» Task statement:
The output should match, line for line, the records from the line containing "井岡山市井平無機鹽制品有限公" through the line containing "Charge et charg", with every picture left out.

╭─ Data to examine

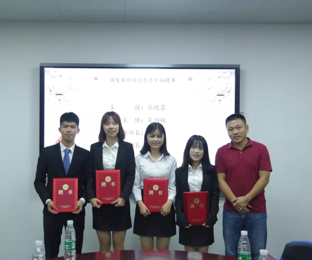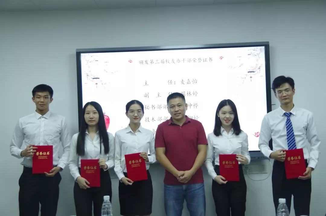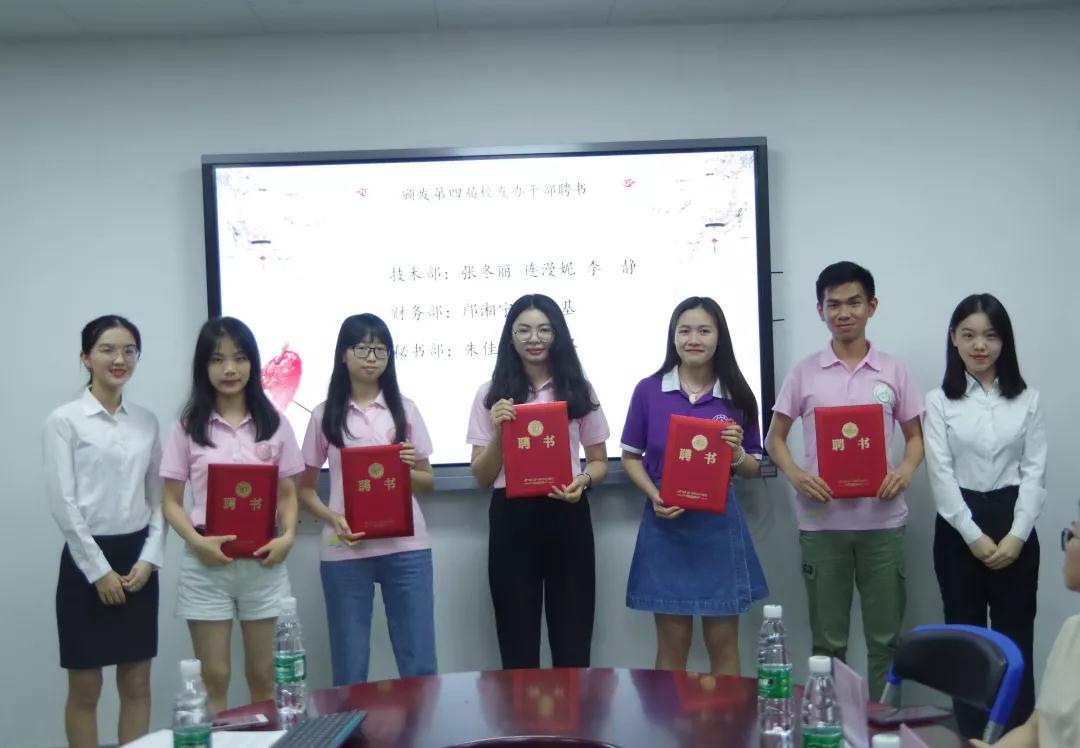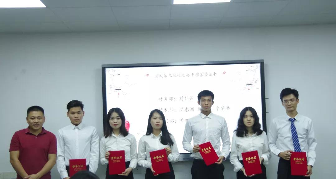 麦嘉怡主任汇报后,经贸学院校友办指导老师曾晓思首先为第三届校友办干部颁发荣誉证书,以表彰其过去一年来为校友办所作出的贡献。紧接着晓思老师为第四届校友办主任团及部长团颁发聘书并合影。接下来校友办主任麦嘉怡为17级技术部干事颁发聘书,副主任周林婷为17级财务部和秘书部干事颁发聘书。
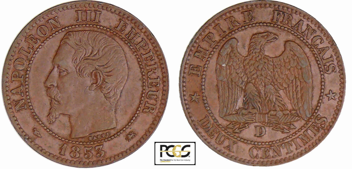 Napoléon III (1852-1870) – 2 centimes tête nue 1853 D (Lyon) grand D
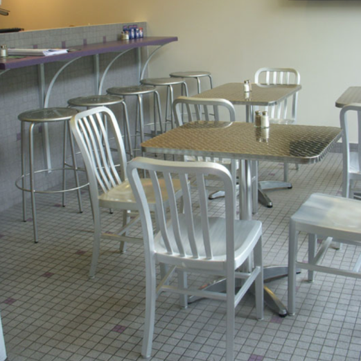 Anna 1004 serves as both, a modern and traditional chair, adaptable to almost any types of spaces. This beautiful chair is completely brushed in aluminum, being framed in square tube aluminum, and having its eat and back made of aluminum as well. This chair is available in its original 00 brushed aluminum color, and in custom RAL colors. Measurements:
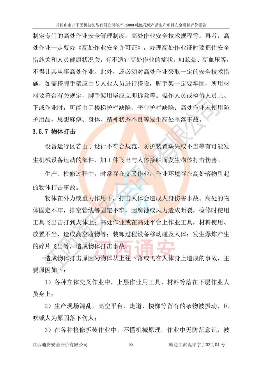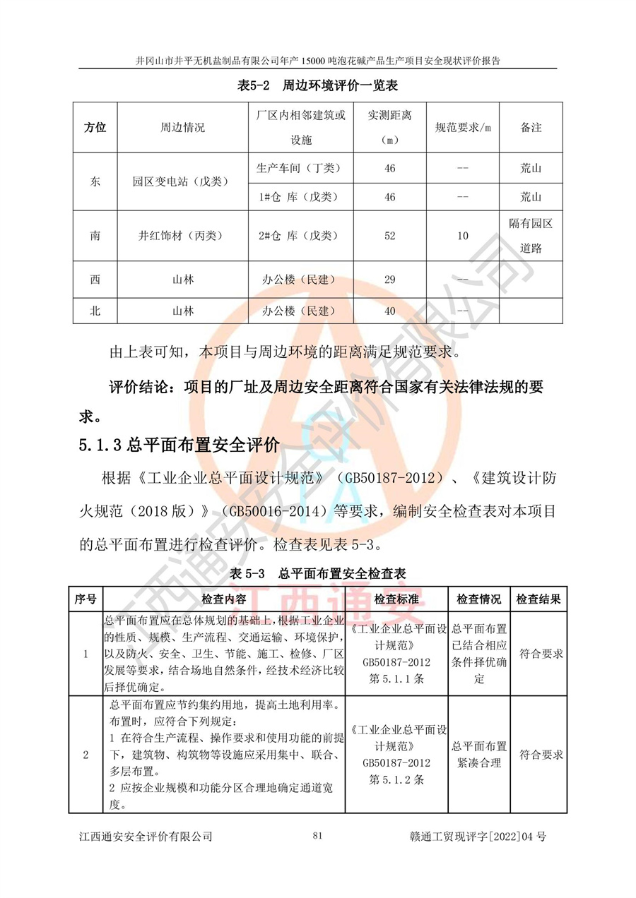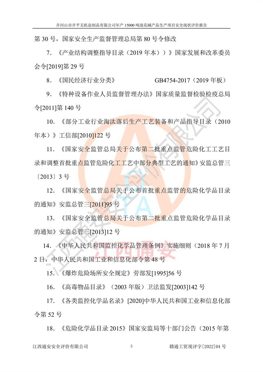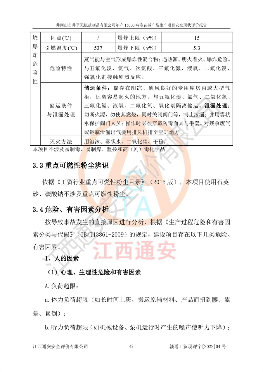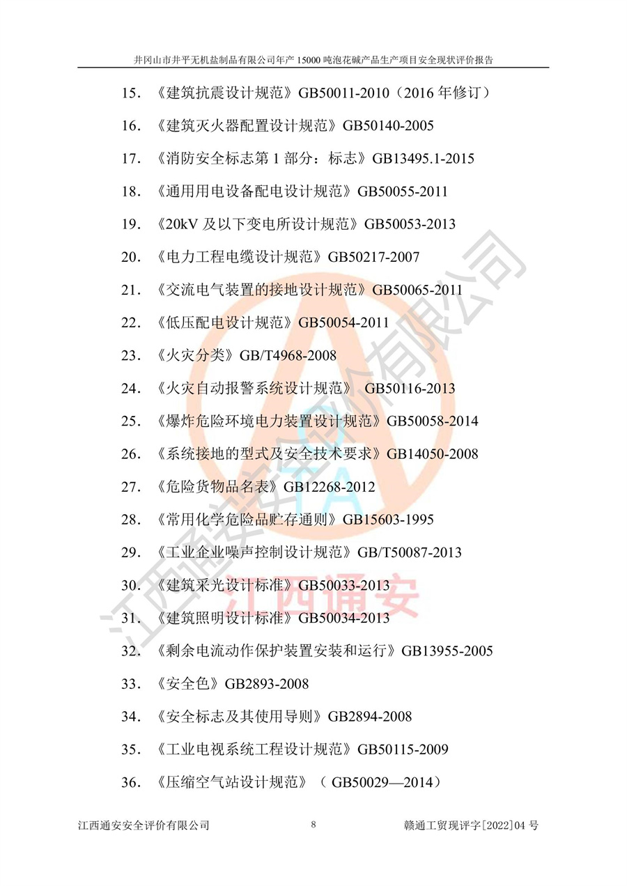 井岡山市井平無機鹽制品有限公司年產(chǎn)15000噸泡花堿產(chǎn)品生產(chǎn)項目安全現(xiàn)狀評價報告
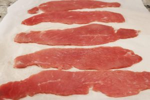 - Place scallopini between 2 sheets of parchment paper, and using the flat side of a meat mallet, gently pound the scallopini. Don't make it paper thin, just enough to make each slice slightly larger.
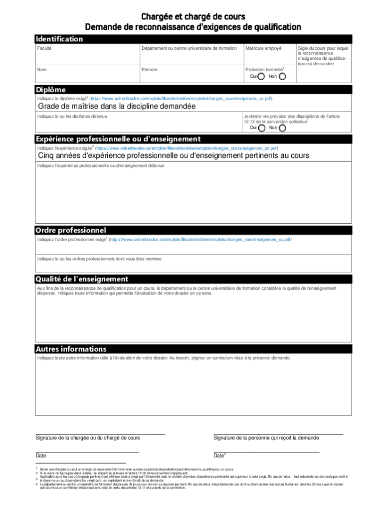 Charge et charg de cours Demande de reconnaissance d\'exigences de qualification Identification FacultDpartement ou centre universitaire de formationMatricule employSigle du cours pour lequel la reconnaissance
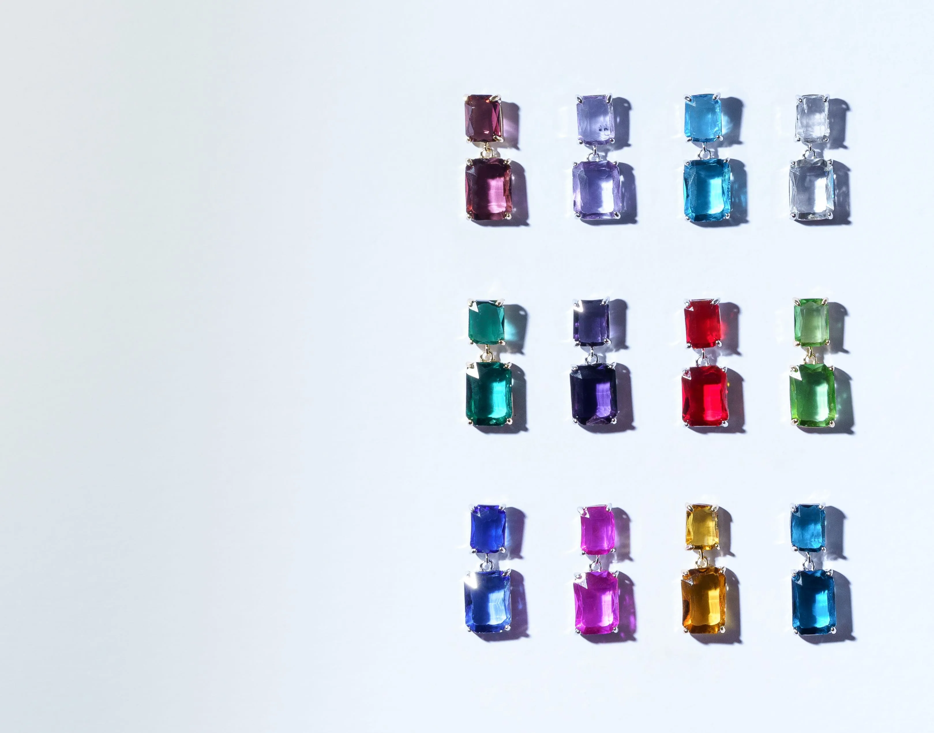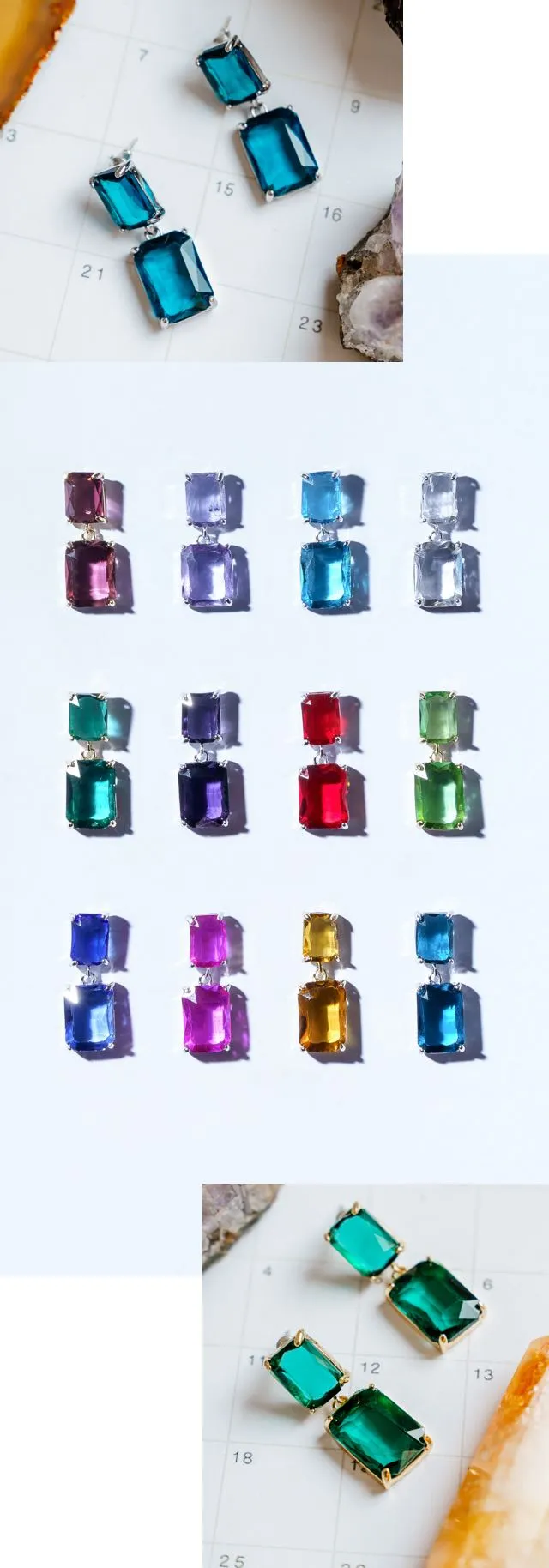 Introducing our deluxe range of birth stone earrings, each with a different gemstone for the month you were born. Crafted with a double-gem drop, set in either a gold or silver metal inlay — discover your colour and shine.
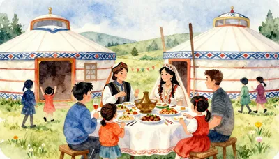 Selami tradisi perkahwinan Kazakh yang kaya dengan warisan! 🇰🇿 Upacara ini merupakan gabungan indah antara adat kuno dan sambutan yang tulus, memamerkan pakaian yang menakjubkan serta ritual yang bermakna. Perkahwinan Kazakh adalah peristiwa penting yang menyatukan dua keluarga besar melalui pelbagai peringkat, bermula daripada 'Kudalyk' (pertunangan) sehinggalah kepada 'Betashar' (upacara mendedahkan wajah pengantin perempuan). Pakaian pengantin, terutamanya hiasan kepala 'Saukele' yang tinggi dan berhias indah, adalah simbol keanggunan dan identiti budaya mereka. Temui keindahan dan kedalaman budaya perkahwinan Kazakh, di mana sifat pemurah dan keramahan menjadi tunjang utama. Setiap lagu dan hidangan yang disajikan membawa doa untuk kebahagiaan pasangan pengantin. Alami sendiri keajaiban budaya Asia Tengah ini yang mengekalkan nilai-nilai murni dan penghormatan kepada nenek moyang dalam suasana yang penuh warna-warni dan kegembiraan.
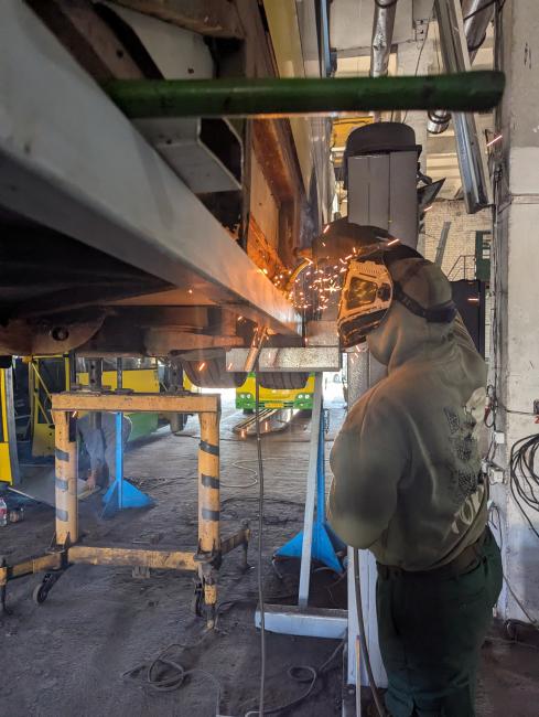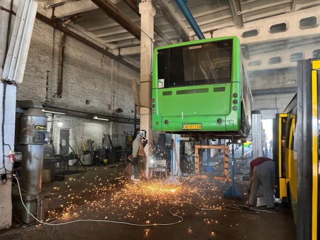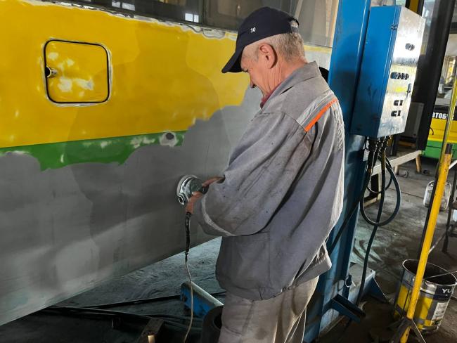 У цеху автобусного парку зараз чути гул обладнання — майстри ремонтують два автобуси. Один проходить повний капітально-відновлювальний ремонт, а другий — кузовне відновлення, яке інколи називають «аварійним ремонтом». Таке втручання проводять через критичний стан кузова. Як розповіли у міськраді, ремонт виконують власними силами працівники автобусного депо.
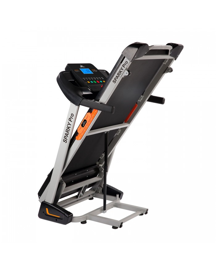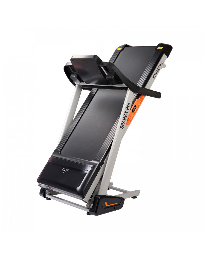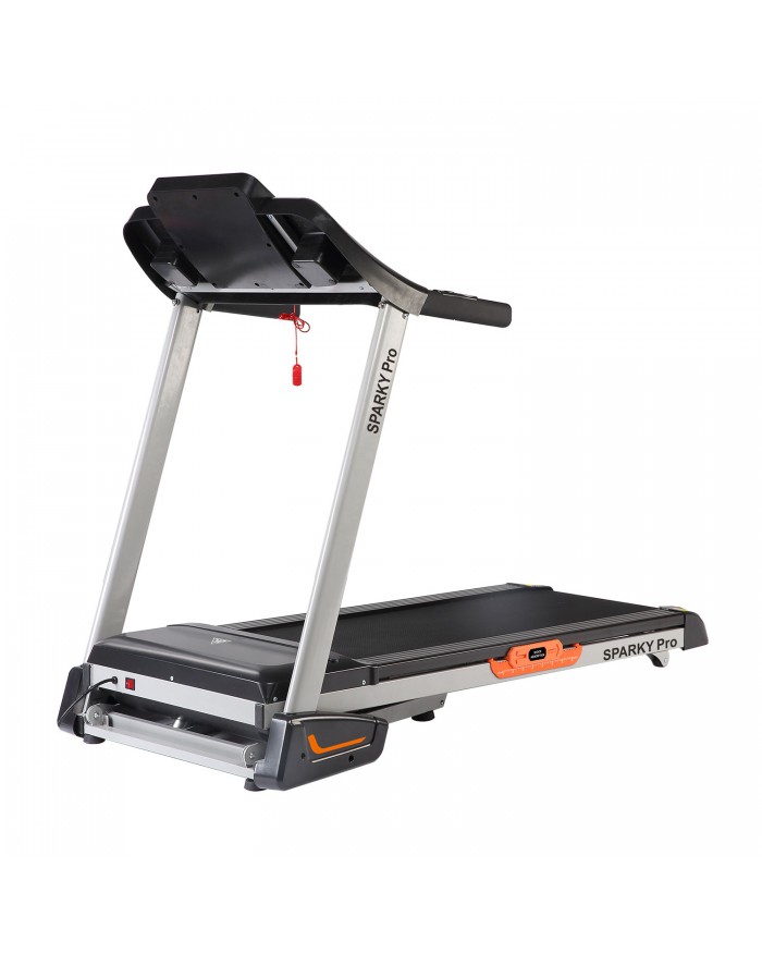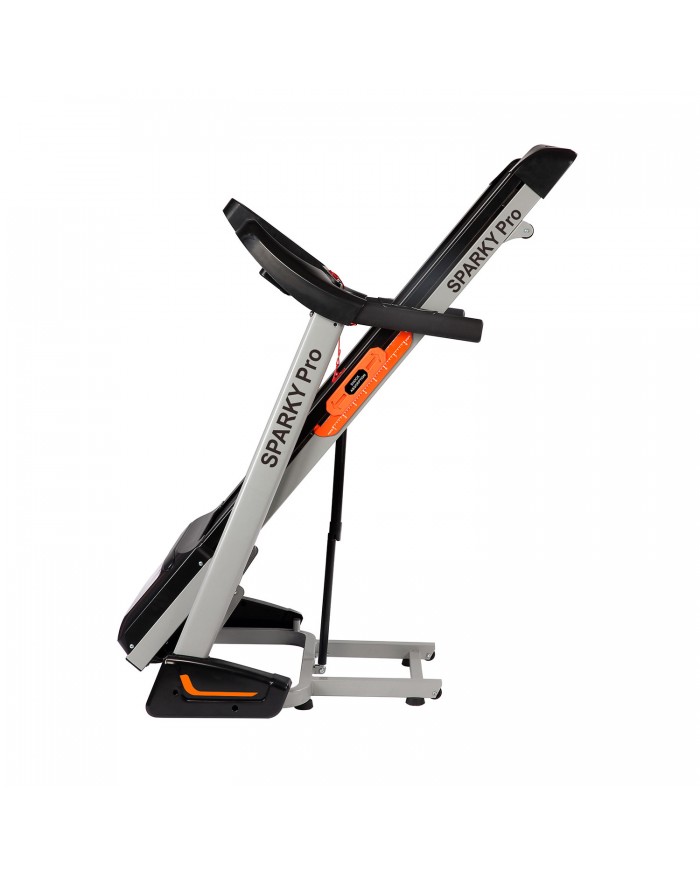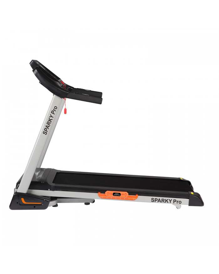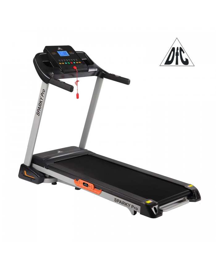 Домашняя электрическая дорожка DFC Sparky Pro T635 В своем арсенале дорожка имеет двигатель постоянного тока мощностью 2 л.с. Угол наклона бегового полотна изменяется с помощью дополнительного электромотора. Встроенные динамики звуковой системы и возможность подключения дополнительных устройств через разъем MP3 помогут провести тренировку под любимую мелодию. Два комплекта встроенных в поручни датчиков позволят следить за частотой сердечных сокращений.
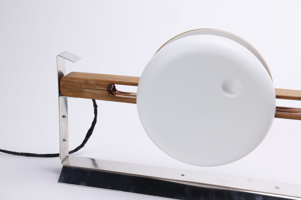 Die Leuchte Ground ist aus dem Interesse heraus entstanden, den Umgang mit Licht wieder spielerisch erfahrbar zu machen. Durch Bewegung und Rotation lässt sich die Leuchte intuitiv einstellen und erleben. Das runde Hauptartefakt in Kombination mit der Schiene erinnert an eine Murmelbahn aus Kindertagen und lädt zum spielerischen Experimentieren ein. So erhellt Ground nicht nur den Raum, sondern spricht auch das innere neugierige Kind an.
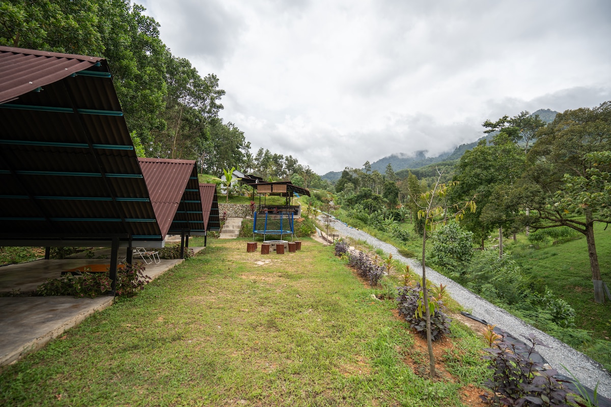 Escape to a charming riverside village surrounded by nature 🌿 1- 5 villas,If not found,msg host. Stay in a cozy tented villa perfect for families or small groups. Enjoy a clear river just steps away for relaxing, river trekking, and jungle experiences. Up to 2 extra beds are available at RM70 per bed, making it ideal for 4–6 guests. Note: Some works in progress at the site. Minor disturbances are unavoidable, but the natural beauty and peaceful riverside setting remain a delightful escape.

╰─

» Written reply:
 井岡山市井平無機鹽制品有限公司年產(chǎn)15000噸泡花堿產(chǎn)品生產(chǎn)項目安全現(xiàn)狀評價報告
 - Place scallopini between 2 sheets of parchment paper, and using the flat side of a meat mallet, gently pound the scallopini. Don't make it paper thin, just enough to make each slice slightly larger.
 Charge et charg de cours Demande de reconnaissance d\'exigences de qualification Identification FacultDpartement ou centre universitaire de formationMatricule employSigle du cours pour lequel la reconnaissance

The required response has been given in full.